*** DATASET CONTENT ***

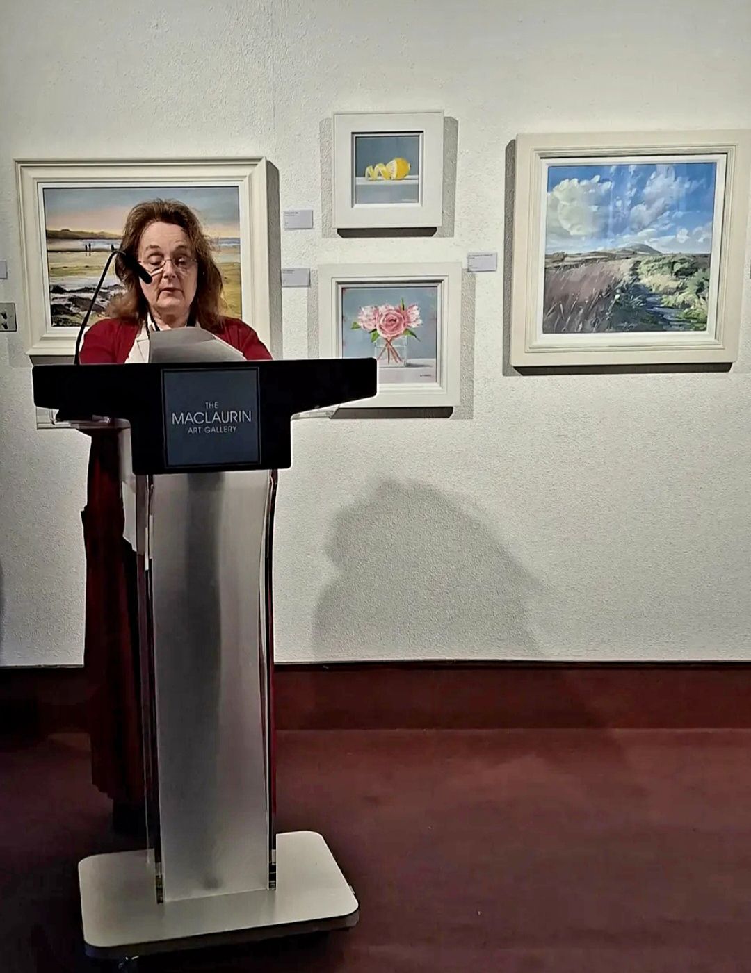 President of Ayr Sketch Club - Janette Coughtrie - opening the show. (Image courtesy of Ayr Sketch Club)
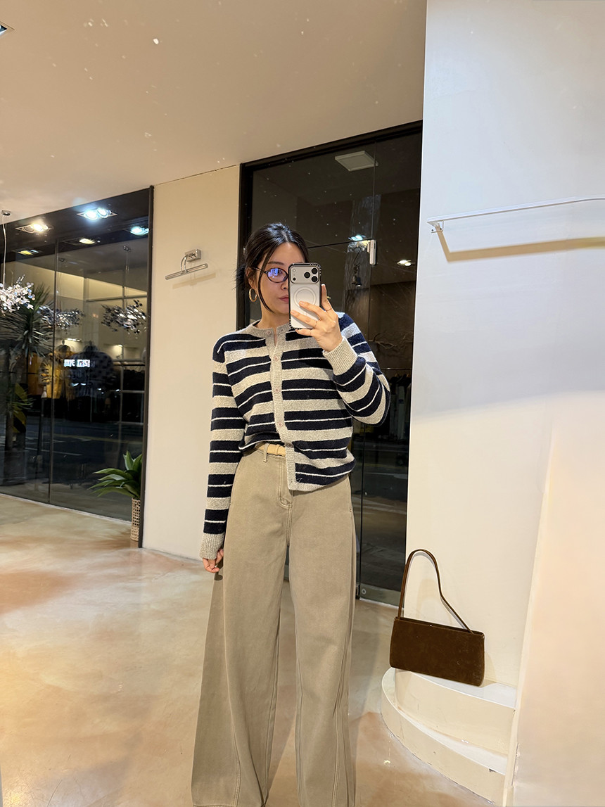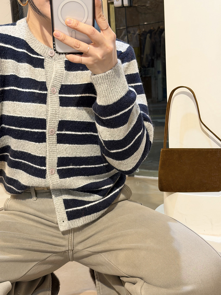컬러 배색이 돋보이는 단가라 니트 가디건으로 단정하게
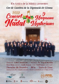 SINOPSI: Els Amics de la Música de Lloret presenten el cor de Cambra de la Diputació de Girona. Aquest concert està dedicat a la música relacionada amb el Nadal.
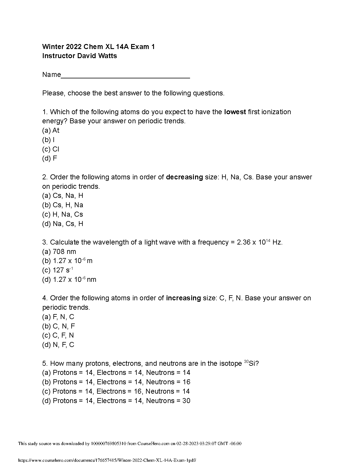 Unlock success in your General Chemistry course with this authentic Exam 1 from UCLA's Chem XL 14A, taught by Instructor David Watts during the Winter 2022 term. This comprehensive test bank provides the actual questions students faced, covering critical topics such as periodic trends (ionization energy and atomic size), calculating the wavelength of light, and determining the number of protons, electrons, and neutrons in isotopes. Updated and curated for the 2025/2026 academic year, this study resource is expertly designed to help you understand the exam format, master key concepts, and pass your exam on the very first try. Stop worrying about resits and start studying with a proven tool for success.

*** End of DATASET CONTENT ***

No pictures should appear in the copy. Print exactly the lines above from the line containing "컬러 배색이 돋보이는 단가라 니트 가디건으로 단정하게" through the last line of the data.

컬러 배색이 돋보이는 단가라 니트 가디건으로 단정하게
 SINOPSI: Els Amics de la Música de Lloret presenten el cor de Cambra de la Diputació de Girona. Aquest concert està dedicat a la música relacionada amb el Nadal.
 Unlock success in your General Chemistry course with this authentic Exam 1 from UCLA's Chem XL 14A, taught by Instructor David Watts during the Winter 2022 term. This comprehensive test bank provides the actual questions students faced, covering critical topics such as periodic trends (ionization energy and atomic size), calculating the wavelength of light, and determining the number of protons, electrons, and neutrons in isotopes. Updated and curated for the 2025/2026 academic year, this study resource is expertly designed to help you understand the exam format, master key concepts, and pass your exam on the very first try. Stop worrying about resits and start studying with a proven tool for success.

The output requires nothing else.